## TASK INSTRUCTIONS
Reproduce the data below word for word, setting aside any picture it holds.

## COLLECTED DATA
- - -
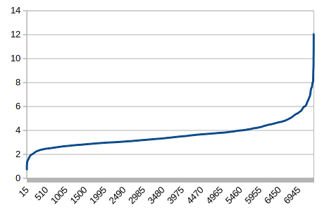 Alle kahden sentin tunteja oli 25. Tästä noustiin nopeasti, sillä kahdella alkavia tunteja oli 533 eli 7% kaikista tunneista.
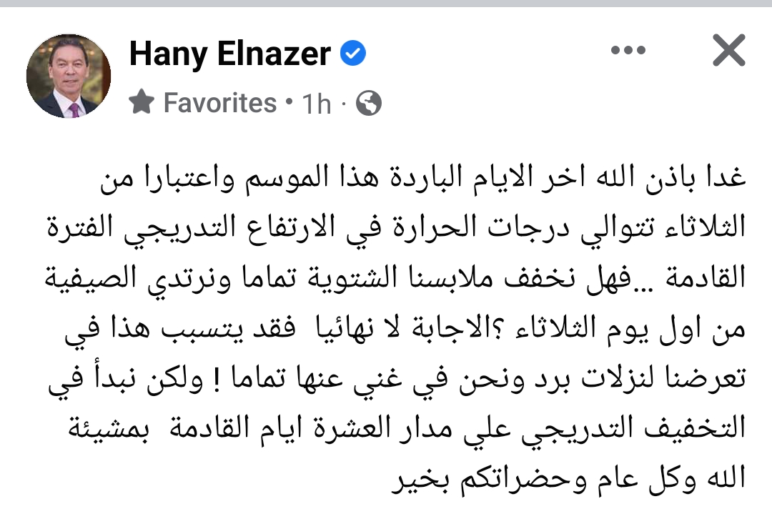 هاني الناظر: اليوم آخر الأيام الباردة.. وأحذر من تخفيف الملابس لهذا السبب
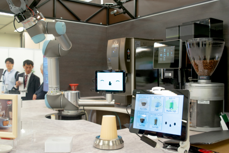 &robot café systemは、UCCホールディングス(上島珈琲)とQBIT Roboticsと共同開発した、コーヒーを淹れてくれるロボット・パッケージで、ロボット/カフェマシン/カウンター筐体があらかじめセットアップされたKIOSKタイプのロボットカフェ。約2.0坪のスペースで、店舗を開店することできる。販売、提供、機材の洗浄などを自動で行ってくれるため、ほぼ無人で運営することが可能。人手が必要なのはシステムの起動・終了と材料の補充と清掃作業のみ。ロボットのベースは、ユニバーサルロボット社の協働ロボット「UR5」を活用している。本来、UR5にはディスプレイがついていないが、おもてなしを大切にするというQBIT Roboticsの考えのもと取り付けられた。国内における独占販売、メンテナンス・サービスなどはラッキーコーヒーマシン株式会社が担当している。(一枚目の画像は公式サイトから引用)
- - -
## PROBLEM SOLUTION
 Alle kahden sentin tunteja oli 25. Tästä noustiin nopeasti, sillä kahdella alkavia tunteja oli 533 eli 7% kaikista tunneista.
 هاني الناظر: اليوم آخر الأيام الباردة.. وأحذر من تخفيف الملابس لهذا السبب
 &robot café systemは、UCCホールディングス(上島珈琲)とQBIT Roboticsと共同開発した、コーヒーを淹れてくれるロボット・パッケージで、ロボット/カフェマシン/カウンター筐体があらかじめセットアップされたKIOSKタイプのロボットカフェ。約2.0坪のスペースで、店舗を開店することできる。販売、提供、機材の洗浄などを自動で行ってくれるため、ほぼ無人で運営することが可能。人手が必要なのはシステムの起動・終了と材料の補充と清掃作業のみ。ロボットのベースは、ユニバーサルロボット社の協働ロボット「UR5」を活用している。本来、UR5にはディスプレイがついていないが、おもてなしを大切にするというQBIT Roboticsの考えのもと取り付けられた。国内における独占販売、メンテナンス・サービスなどはラッキーコーヒーマシン株式会社が担当している。(一枚目の画像は公式サイトから引用)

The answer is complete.